WHPT
- Sarasota, Florida; United States;
- Broadcast area: Tampa Bay area
- Frequency: 102.5 MHz (HD Radio)
- Branding: 102.5 The Bone

Programming
- Format: Hot talk
- Subchannels: HD2: Simulcast of WXGL
- Affiliations: Tampa Bay Lightning; South Florida Bulls football;

Ownership
- Owner: Cox Media Group; (Cox Radio, LLC);
- Sister stations: WDUV; WTBV; WWRM; WXGL;

History
- First air date: November 15, 1960
- Former call signs: WYAK (1960–1967); WSAF-FM (1967–1973); WQSR (1973–1979); WSRZ (1979–1984); WAVE-FM (1984–1986); WHVE (1986–1991);
- Call sign meaning: "The Point" (former branding)

Technical information
- Licensing authority: FCC
- Facility ID: 51986
- Class: C
- ERP: 100,000 watts
- HAAT: 503 meters (1,650 ft)
- Transmitter coordinates: 27°24′31.2″N 82°14′59.3″W﻿ / ﻿27.408667°N 82.249806°W
- Repeater: 107.3 WXGL-HD2 (St. Petersburg)

Links
- Public license information: Public file; LMS;
- Webcast: Listen live Listen live (via Audacy)
- Website: www.theboneonline.com

= WHPT =

WHPT (102.5 FM) is a commercial radio station licensed to Sarasota, Florida, and serving the Tampa Bay area. Owned by Cox Media Group, it broadcasts a hot talk format. It is also the flagship station for Tampa Bay Lightning hockey and carries South Florida Bulls football. WHPT's studios and offices are on 4th Street North in St. Petersburg.

WHPT is a Class C station with an effective radiated power (ERP) of 100,000 watts, the maximum for most stations. The transmitter site is off 283rd Street East near Gopher Hill Road in Myakka City, an unincorporated area of southwest Manatee County. WHPT broadcasts using HD Radio technology. Its HD2 subchannel airs a simulcast of WXGL 107.3 FM.

==History==
=== WYAK - WSAF-FM ===
The station signed on the air on November 15, 1960. Its original call sign was WYAK. It was a rare stand-alone FM station in an era where most were co-owned with AM or TV stations. It was owned by the Multitone Music Corporation with studios at 1375 Fifth Street. It was powered at 2,750 watts, a fraction of its current output.

In 1967, the station was acquired by Stewart Broadcasting, the owners of WSAF 1220 AM (now WSRQ). The call letters were changed to WSAF-FM and the two stations began simulcasting most of their programming.

===WQSR===
In 1973, the Sarasota Radio Company purchased WSAF-FM and changed its format to beautiful music. It played quarter-hour sweeps of soft instrumentals with Broadway and Hollywood show tunes. The call sign was switched to WQSR. Those call letters reflected company president, Edward Rogers', philosophy: QSR: Quality Stereo Radio.
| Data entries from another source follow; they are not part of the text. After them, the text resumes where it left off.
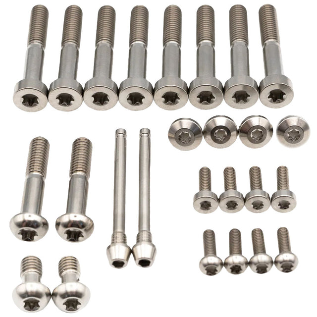 - 6AL-4V grade 5 aerospace titanium bolt kit for SRAM Maven brakes (front and rear)\n- Includes (2) SRAM brake lever clamp bolts, (1) Maven lever bleed port kit, (2) Maven pad retention bolts, (8) Maven caliper body bolts, (2) Maven caliper banjo bolts (SLV/ULT only, BRZ doesn't have banjo bolts)\n- Due to variations in rotor size caliper mounting hardware is not included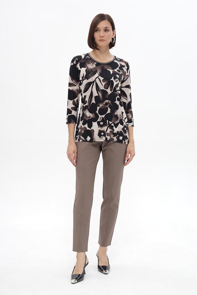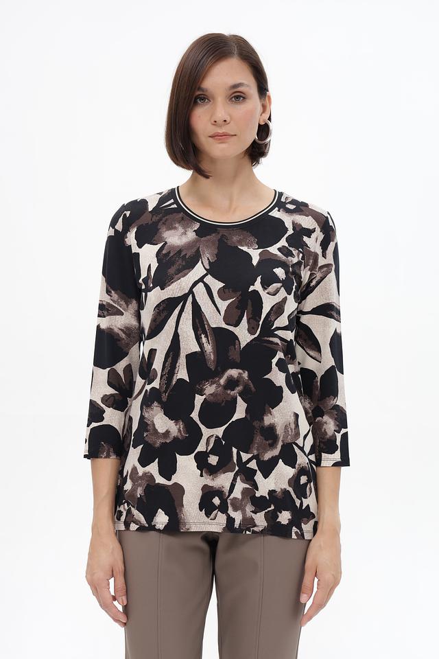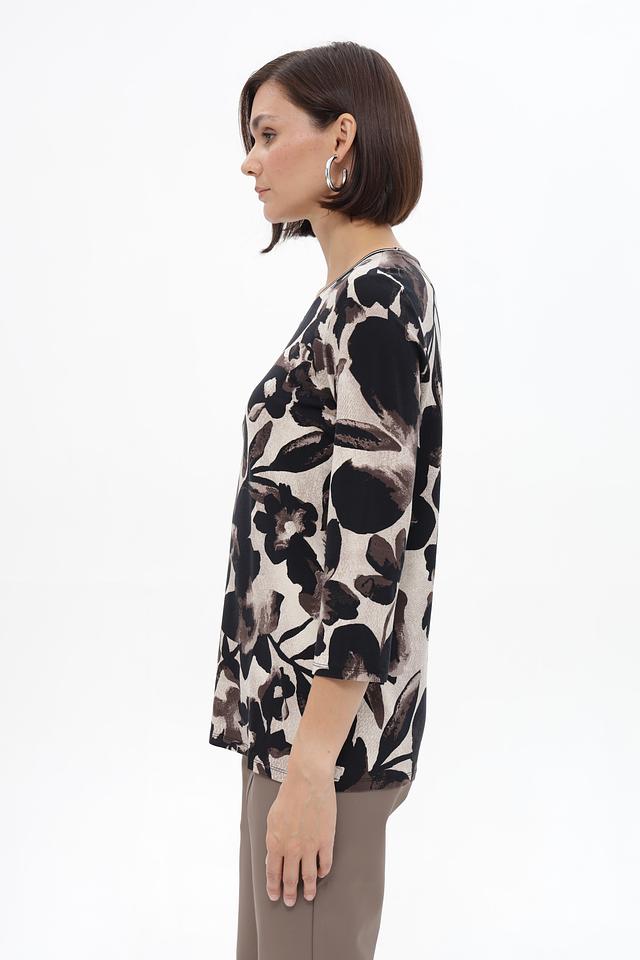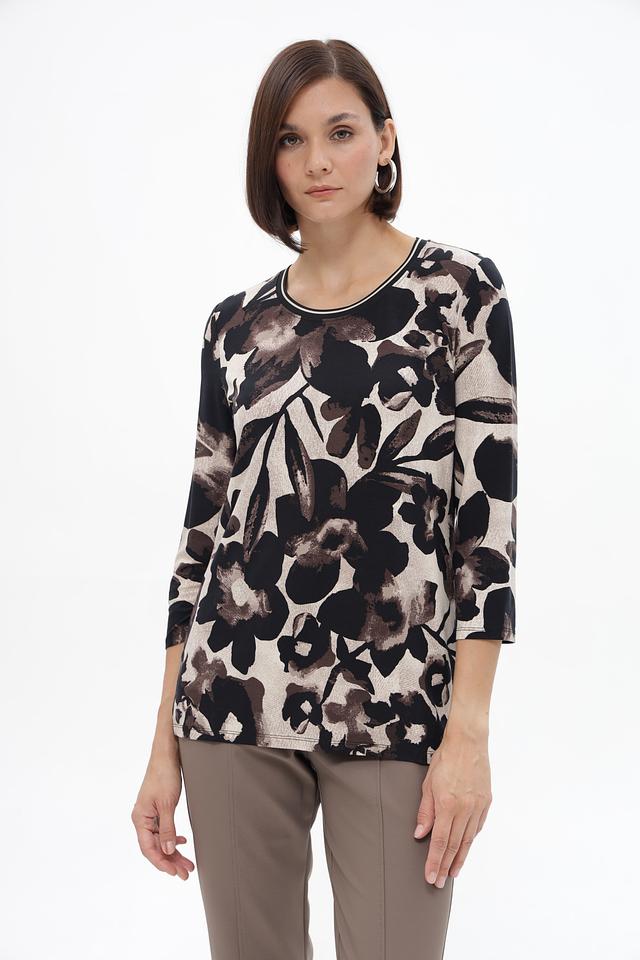 Блуза имеет круглый вырез горловины и рукава длиной 3/4, что делает ее универсальной для разных сезонов. Свободный крой обеспечивает комфорт в носке и позволяет создать расслабленный силуэт.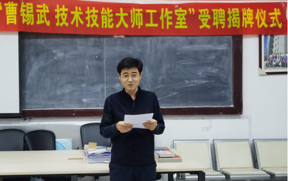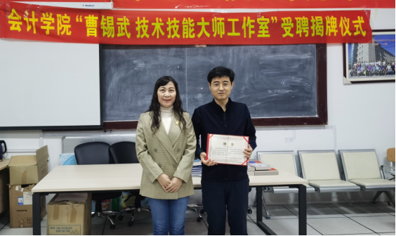 会议最后一项,会计学院林冬梅院长为技术技能大师曹锡武颁发聘书,并与曹所长一起为大师工作室揭牌。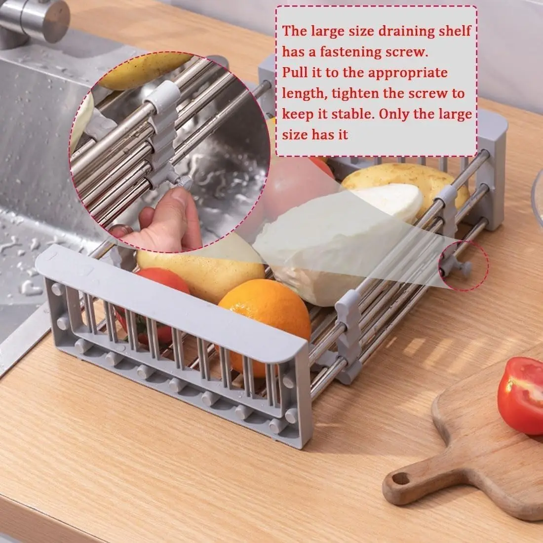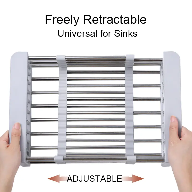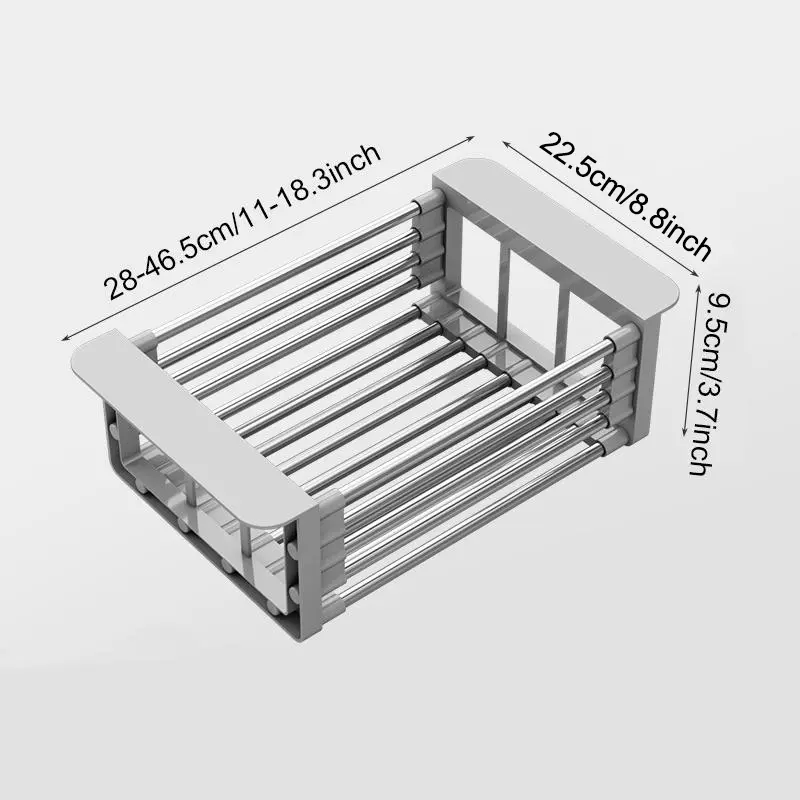 expandable & Adjustable Design– This Extend Kitchen Sink Drain Basket stretches from 11.6 to 18.2 to fit most sinks/counters. Rotating screws lock the width securely, ensuring stability for drying dishes, rinsing veggies, or organizing utensil

For several years, WQSR playing beautiful music from 6 a.m. to 6 p.m., and progressive rock from 6 p.m. to 6 a.m. The station finally pulled the plug on the daytime format when ratings and advertising sales clearly indicated the community's preference for rock and roll. During part of this period, the station added quadraphonic sound, and promoted itself as "Quad One-Oh-Two-And-A-Half". The free-form rock music format would eventually suffer challenges from better-researched album rock formats that eroded its Arbitron ratings. In 1991, the call sign was switched to the current WHPT, which stood for "The Point", the station's moniker at the time. That was given up a few years later, when the station started calling itself "The Bone" while keeping the same call letters.

===Hot talk===
Over time, the DJs were given more freedom to add comedy and other comments to their radio shows. Management noted that was becoming more popular than the music the station played. In April 2012, WHPT fully transitioned to hot talk, while keeping "The Bone" moniker.

In September 2022, Cox Radio announced that WHPT would be the new flagship station of the Tampa Bay Lightning of the National Hockey League. The station also began using its HD2 subchannel for 24/7 Lightning-focused programming, which included original live programming, game replays, podcasts, and more. In 2022, WHPT also became the flagship station of University of South Florida sports, including Bulls football, men's basketball, and women's basketball.